[Try it] Copying task for the records below: reproduce each one exactly and drop the pictures.

[Stored data]

════════

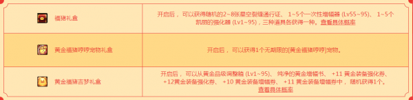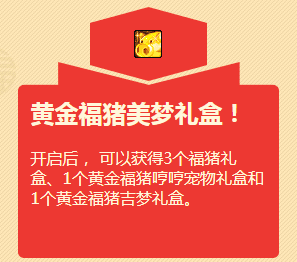 开启后, 可以获得3个福猪礼盒、1个黄金福猪哼哼宠物礼盒和1个黄金福猪吉梦礼盒。
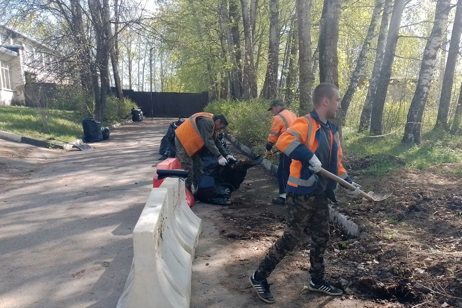 Также рабочие наводили чистоту на игровом комплексе в деревне Комлево.
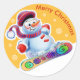 Pegatina Redonda Navidades rodean a pegatinas Snowmen Snow Sports.
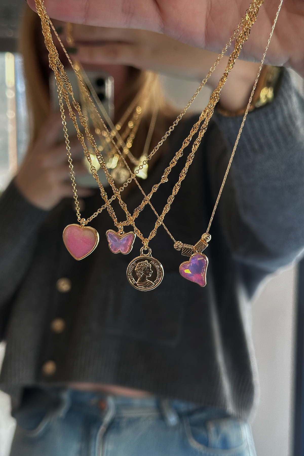 Dörtlü Gold Kalp Kelebek Kolye Set (TB24-1477)
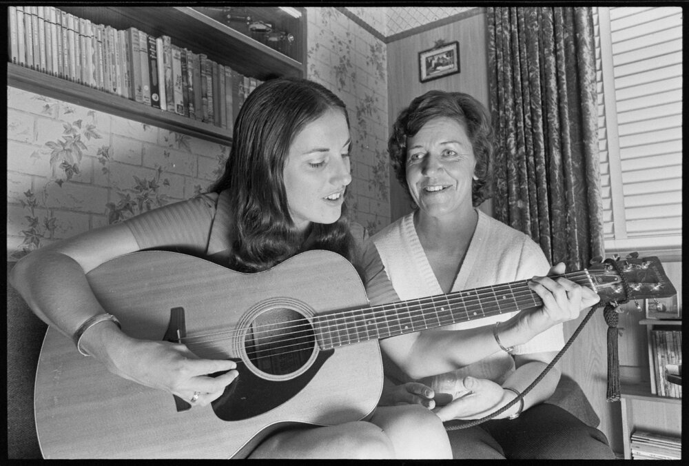 Date14 February 1975Reference Numberphoto gcc-32678DescriptionMarian White (right) and Pat Seales, back from competing at the National Country Music Jamboree in Australia. Published 14 February 1975.FormatNegativePhysical Description35mm black-and-white negative (1/7)Photographer/CreatorBay of Plenty Times

════════

[Result of this exercise]
 开启后, 可以获得3个福猪礼盒、1个黄金福猪哼哼宠物礼盒和1个黄金福猪吉梦礼盒。
 Также рабочие наводили чистоту на игровом комплексе в деревне Комлево.
 Pegatina Redonda Navidades rodean a pegatinas Snowmen Snow Sports.
 Dörtlü Gold Kalp Kelebek Kolye Set (TB24-1477)
 Date14 February 1975Reference Numberphoto gcc-32678DescriptionMarian White (right) and Pat Seales, back from competing at the National Country Music Jamboree in Australia. Published 14 February 1975.FormatNegativePhysical Description35mm black-and-white negative (1/7)Photographer/CreatorBay of Plenty Times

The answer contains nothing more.